Последовательно проводившаяся Петром I камералистская мировоззренческая революция скорее ставила под удар перспективы Российской «империи» в смысле сложносоставного политического пространства. Камерализм был идеологией небольших и относительно однородных германских княжеств, и попытка распространить унифицированные регулярные порядки на всю Россию была чревата глобальными потрясениями. В этом отношении камерализм вступал в противоречие с имперскими притязаниями Петра.

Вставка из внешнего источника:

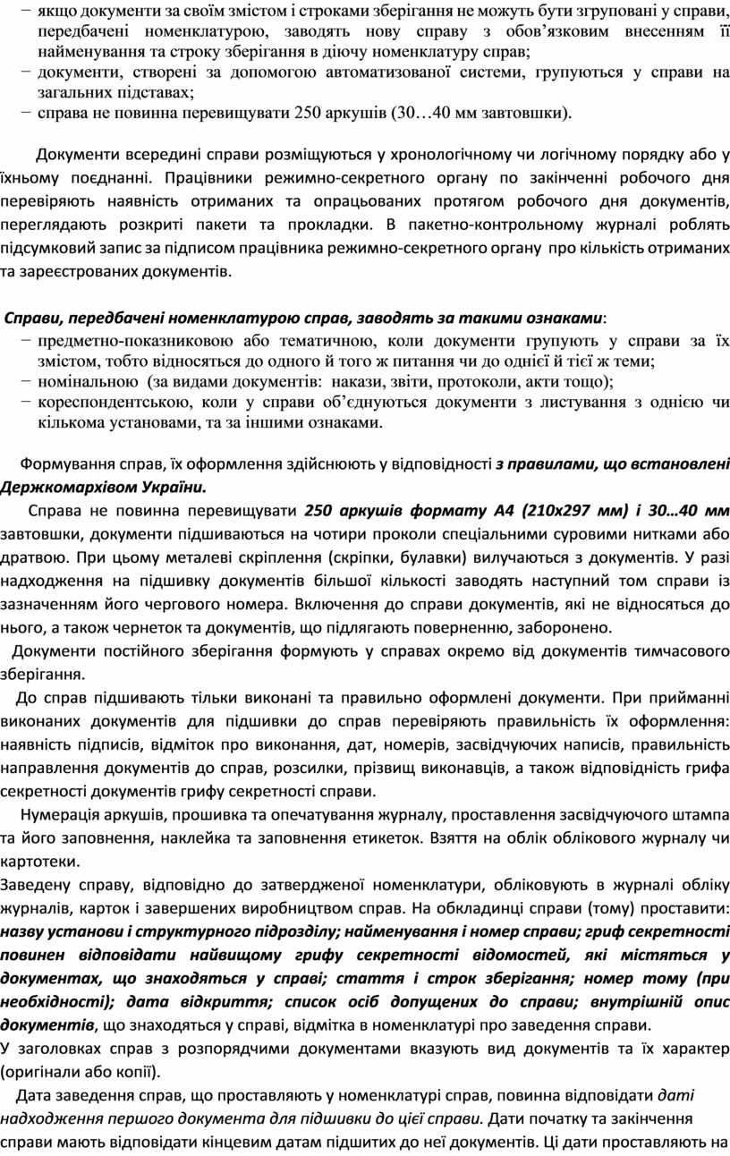 Формування справ, їх оформлення здійснюють у відповідності з правилами, що встановлені Держкомархівом України.

Так, начавшее формироваться со времен покорения Казани Иваном IV Донское казачье войско играло важную роль в обеспечении безопасности Московии с юга, со стороны Крымского ханства. Защита значительного участка степного пограничья и стратегической транспортной артерии — Дона — стоила Московскому государству сравнительно дешево (главным образом, расходы были связаны с периодической поставкой боеприпасов — пороха и свинца), коль скоро степные колонисты-казаки являлись самостоятельной вооруженной силой. Однако ценой лояльности этого бесплатного пограничного войска была его внутренняя автономия: на казачьей территории власть царя действовала лишь номинально. Аналогичную роль играла Военная граница с Османской империей на Балканах (от Адриатики до Трансильвании) в Австрийском королевстве, где «граничары» (вооруженные поселенцы «военной краины» — сербы, хорваты, валахи и пр.) во время войны составляли треть австрийского войска даже в конце XVIII века. В обмен за службу граничары освобождались от большинства государственных повинностей. Однако Петру I всякие исключения из правил (а пуще того, сферы вне его контроля) претили, а старинный лозунг «с Дона выдачи нет» (который притягивал на Дон беглых крепостных крестьян, преступников и дезертиров из армии) Петр воспринимал как вызов своей власти. Несмотря на жестокое наказание односельчан бежавших крестьян и сослуживцев дезертировавших солдат, люди продолжали бежать на Дон, особенно с масштабных кораблестроительных работ под Воронежем. 6 июля 1707 г. Петр издал указ о сыске беглых на Дону.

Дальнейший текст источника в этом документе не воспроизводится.